Supplied information:
▼
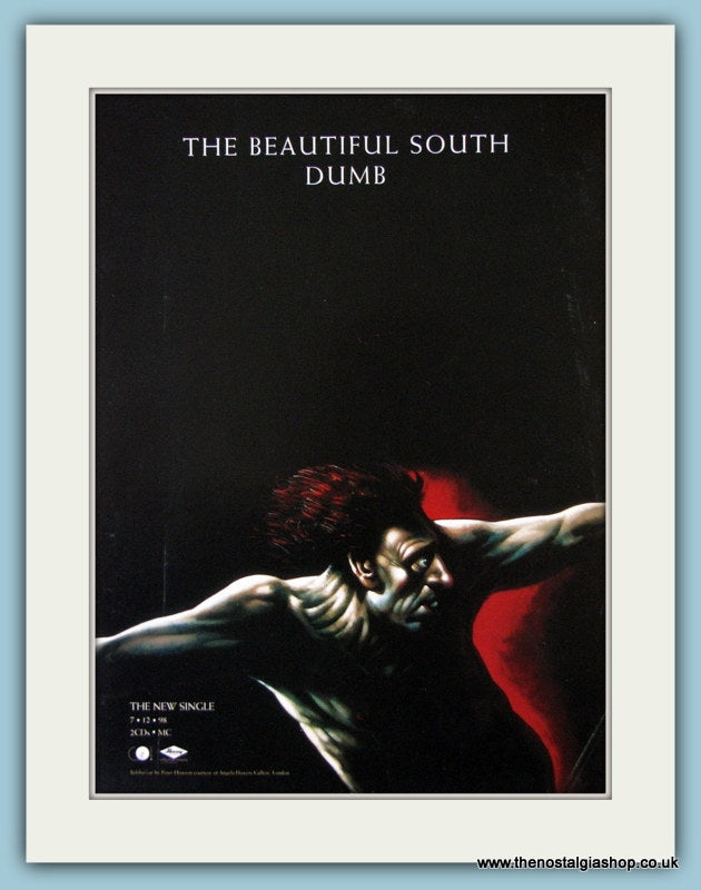 The Beautiful South. Dumb and Quench adverts. 2 x Classic original adverts 1998 & 1999. (price is for both adverts) Each is presented in cream bevel cut mount with backing card. Ready to fit in 14 x 11 inch frame. Want them framing? If so, buy these then go to Frames Available Category. Click to buy on the suitable frame(s) and we will do the rest. All our adverts, unless clearly stated are Originals from the date shown. They make excellent pieces of wall art and stunning gifts. Many are rare and hard to find and once sold, may not be replaced. Remember you are buying a piece of history. Website watermark is not on original.
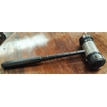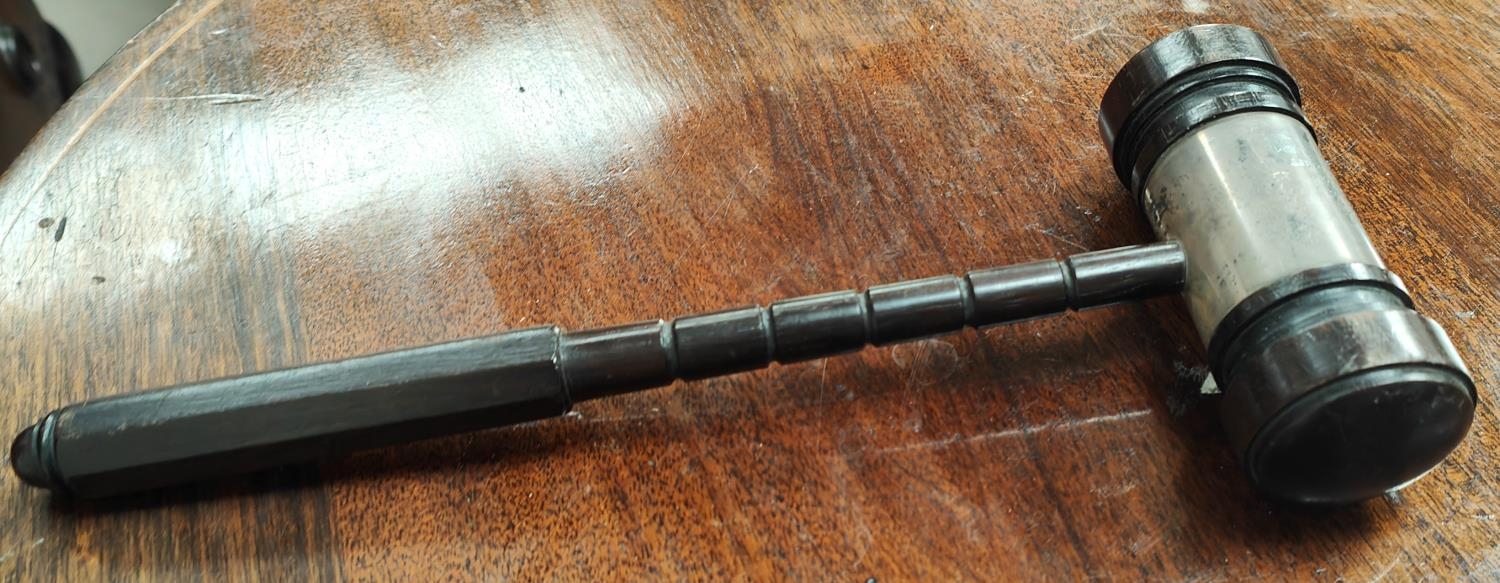 A presentation gavel with carved head and handle with white metal presentation surround, length 28cm
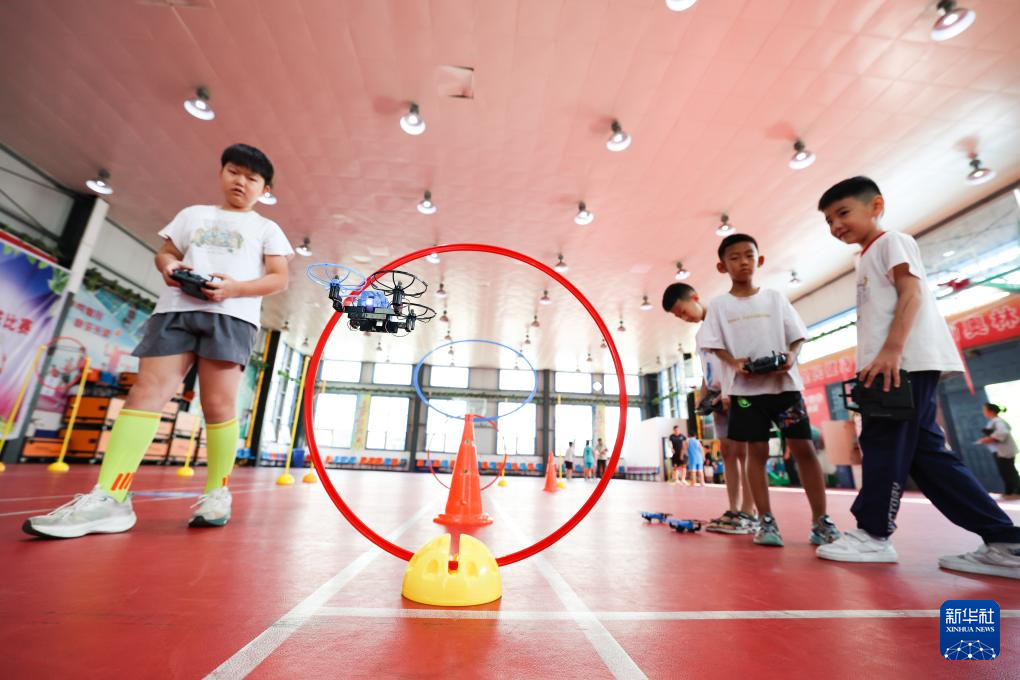 8月10日,河北省晋州市青少年活动中心,小朋友操控小型无人机进行闯关游戏。
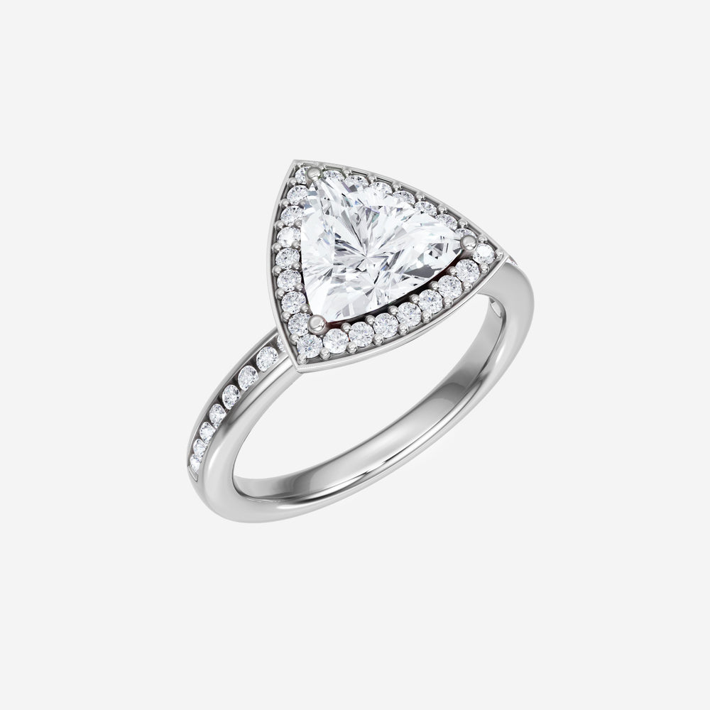 You’ve designed a ring that reflects lasting elegance and grace! Crafted from 950 Platinum, this exquisite Heart lab-grown diamond is the centerpiece of this unique design. This Channel Set Shank with a 3 Prong Single Halo head showcases the brilliance of the Heart diamond, creating a timeless look. This ring will become a cherished reminder of life's most treasured moments.
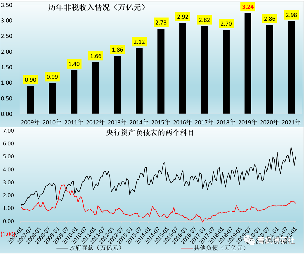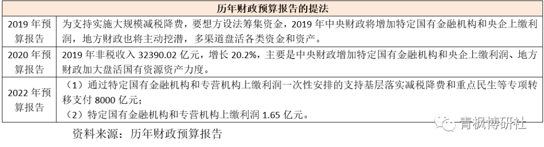 雖然2019年預算報告提出將增加特定國有金融機構(gòu)和央企上繳利潤,并導致2019年非稅收入同比大幅增加6543億元。但受疫情因素影響,2020-2021年特定國有金融機構(gòu)和專營機構(gòu)利潤上繳事宜被暫停。這就意味著2020-2021年兩年期間特定國有金融機構(gòu)和和專營機構(gòu)是有結(jié)存利潤的,因此2022年預算報告再次提出的該事項,實際上早在2019年便已經(jīng)做了。
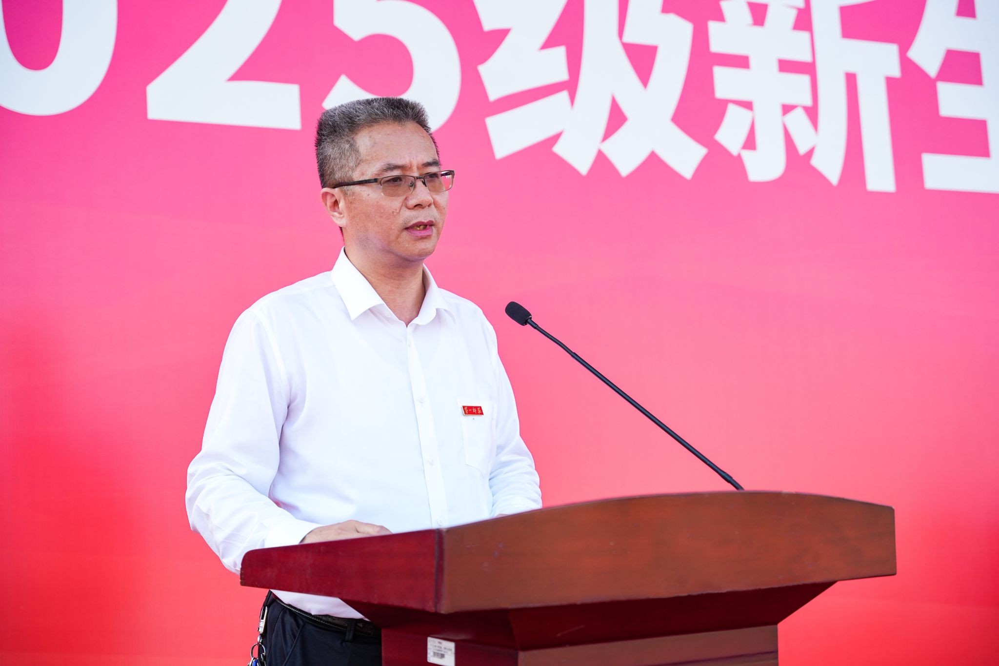 大会在庄严的国歌声中拉开序幕。全场师生面向国旗肃立,目光紧紧追随着冉冉升起的五星红旗。罗成翼宣布2025级新生开学典礼暨军训总结表彰大会正式开始。
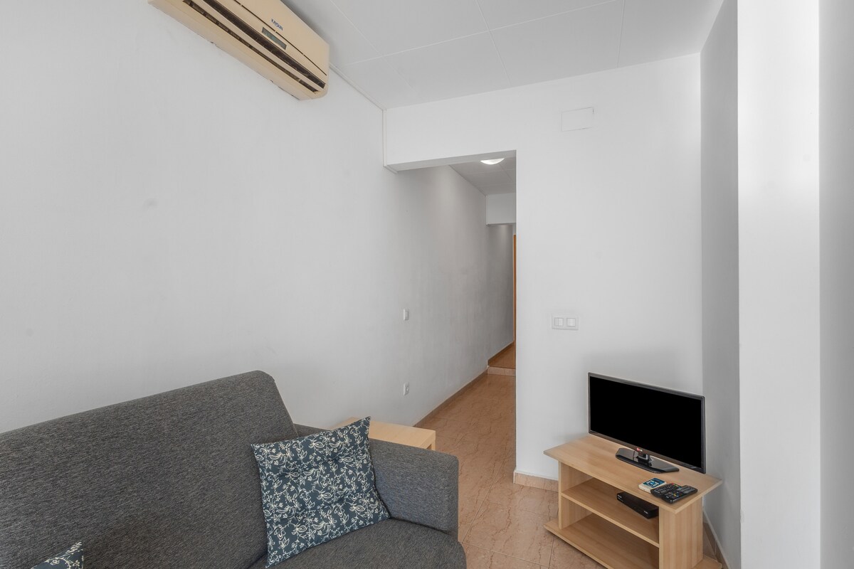 Enjoy a comfortable stay in our apartment for 4, ideal for families or couples. It has a double or twin bedroom, living room with sofa bed, private terrace, fully equipped kitchen, and full bathroom. Includes TV, Wi-Fi, AC, bed linen, and towels. Extras: baby cot €8/night, extra person €25/adult (€12.5/child), extra cleaning €35.
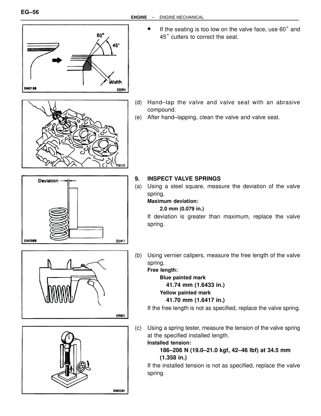 (e) After hand–lapping, clean the valve and valve seat.
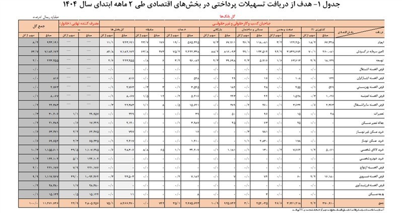گفتنی است تسهیلات پرداختی 2 ماهه سال 1403 مبلغ 7219.6 هزار میلیارد ریال بوده است که با در نظر گرفتن تعدیلات صورت پذیرفته توسط شبکه بانکی به مبلغ 7428.1 هزار میلیارد ریال افزایش یافته است.
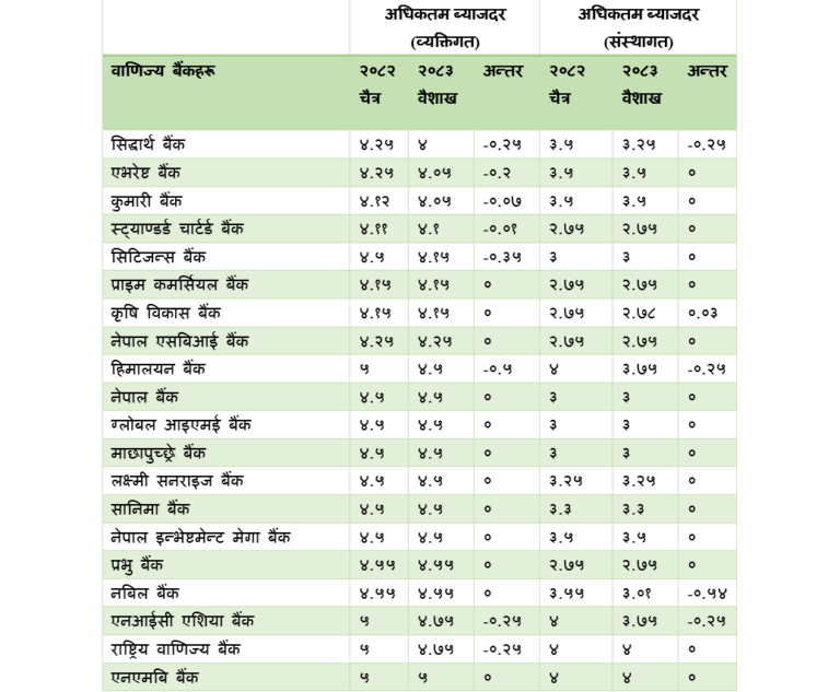 काठमाडौँ । वाणिज्य बैंकहरूले वैशाख महिनाका लागि ब्याजदर घटाएका छन् । वैशाख महिनाका लागि १० बैंकको ब्याजदर स्थिर छ ।
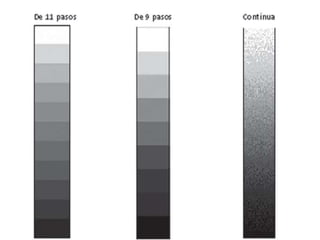 El documento habla sobre las claves tonales, que proponen seis relaciones entre los acromáticos. Cada clave está constituida por tres acromáticos y se clasifican según dos variables: mayores (máximo contraste lumínico y un gris) y menores (mínimo contraste compuesto por grises y un blanco o negro). Las claves incluyen máximo contraste con alta, intermedia o baja luminosidad, y mínimo contraste con alta, intermedia o baja luminosidad.
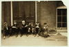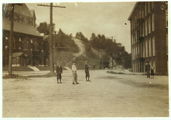 The three boys in centre want to work in Berkshire Mills, at noon, Aug. 30, '11. On August 29 at 6 P.M., Mr. Hine counted ten apparently under 14. Location: Adams, Massachusetts.
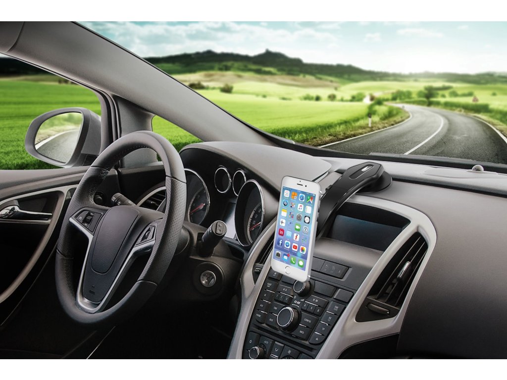 Možnost variability pozice na vhodném místě palubní desky splňuje bezpečnostní podmínky pro umístění mobilního telefonu v automobilu, kdy telefon nebrání řidiči ve výhledu. Velmi jednoduchá instalace pouhým přiložením gelové přísavky na palubní desku a nalepením 3M samolepkou. Na zadní část mobilního telefonu stačí pak už jen nalepit jednu z dodávaných kovových destiček nebo ji vložit do obalu telefonu. Telefon stačí pouze přiblížit a vlivem magnetické síly se sám aretuje na držáku. Držák nabízí totožnou stabilitu ve vertikální i v horizontální poloze.
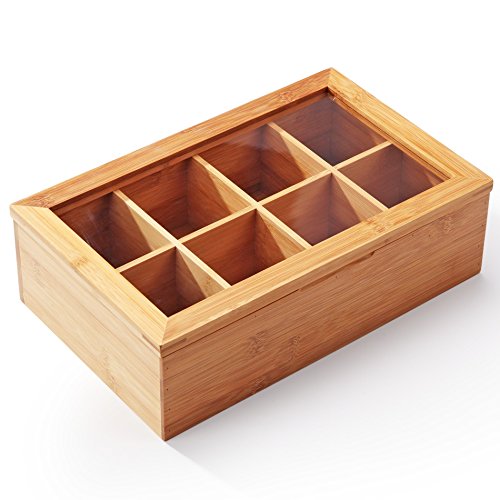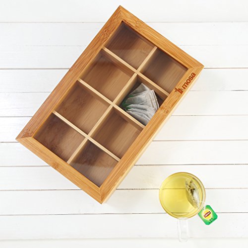 Natural Bamboo Storage Box With Lid (12" X 7.5" X 3.8"), Mosa Coffee Box Container Tea Bags Box Chest With Cover
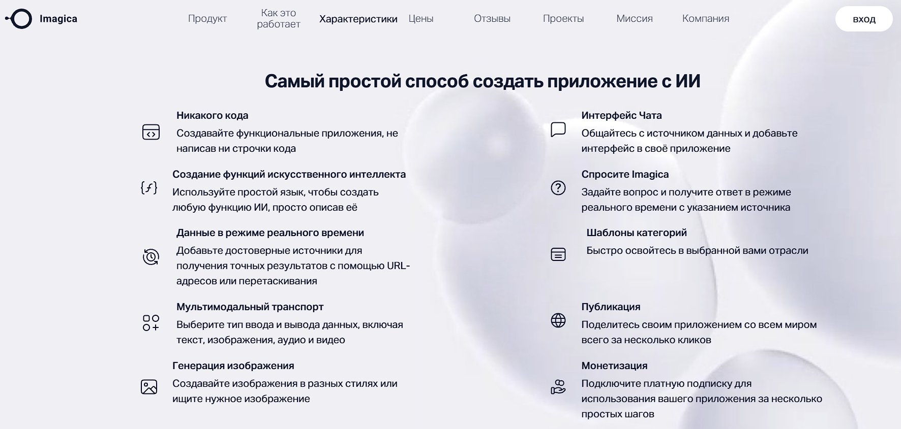 Opportunities. AI-generation of pages and content, automatic selection of visuals, adaptive, basic SEO settings, one-click publishing, e-commerce (including product upload, CSV import).
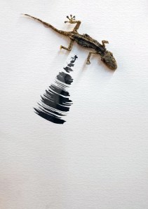 Entre la distancia y el olvido, 2019_2021. collage de elementos encontrados en el boque y tinta china sobre papel 14,8x21cm c:u X
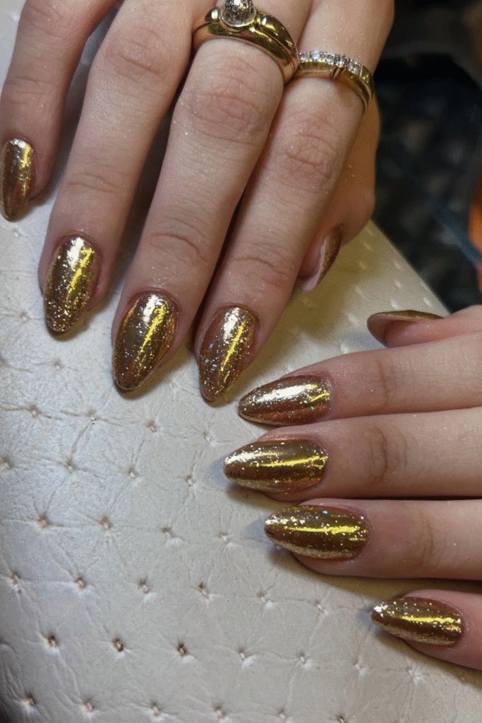 When you want your nails to do the talking, a full gold chrome set never disappoints.
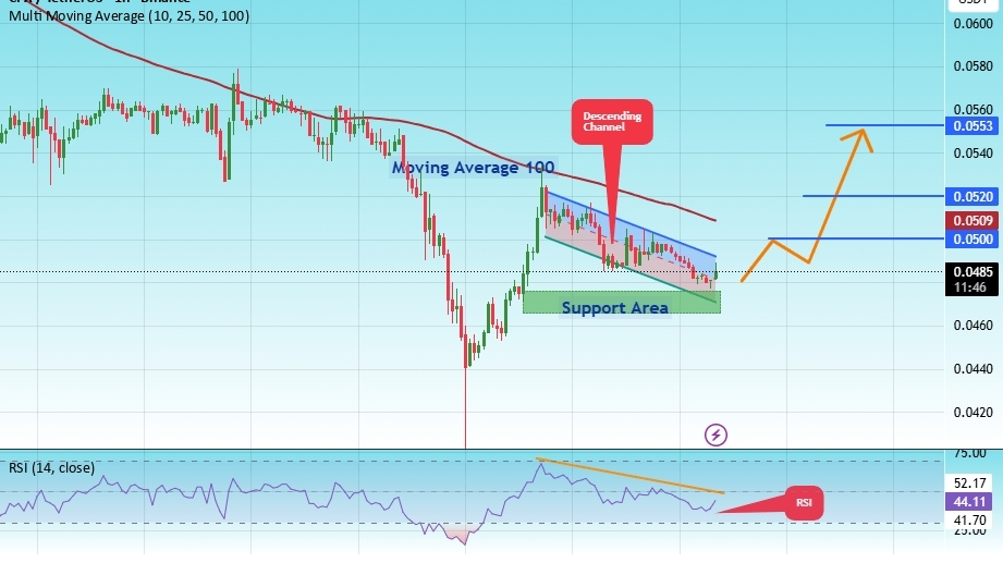 Hay una zona de soporte principal en verde en 0.0472, y el precio ha subido desde este nivel varias veces. Se espera otro rebote.
▲
What you will do:
Leaving out all pictures, set down exactly the lines of the material above, from the line with "8月10日,河北省晋州市青少年活动中心,小朋友操控小型无人机进行闯关游戏。" to the line with "大会在庄严的国歌声中拉开序幕" inclusive, and no others.

Problem solution:
 8月10日,河北省晋州市青少年活动中心,小朋友操控小型无人机进行闯关游戏。
 You’ve designed a ring that reflects lasting elegance and grace! Crafted from 950 Platinum, this exquisite Heart lab-grown diamond is the centerpiece of this unique design. This Channel Set Shank with a 3 Prong Single Halo head showcases the brilliance of the Heart diamond, creating a timeless look. This ring will become a cherished reminder of life's most treasured moments.
 雖然2019年預算報告提出將增加特定國有金融機構(gòu)和央企上繳利潤,并導致2019年非稅收入同比大幅增加6543億元。但受疫情因素影響,2020-2021年特定國有金融機構(gòu)和專營機構(gòu)利潤上繳事宜被暫停。這就意味著2020-2021年兩年期間特定國有金融機構(gòu)和和專營機構(gòu)是有結(jié)存利潤的,因此2022年預算報告再次提出的該事項,實際上早在2019年便已經(jīng)做了。
 大会在庄严的国歌声中拉开序幕。全场师生面向国旗肃立,目光紧紧追随着冉冉升起的五星红旗。罗成翼宣布2025级新生开学典礼暨军训总结表彰大会正式开始。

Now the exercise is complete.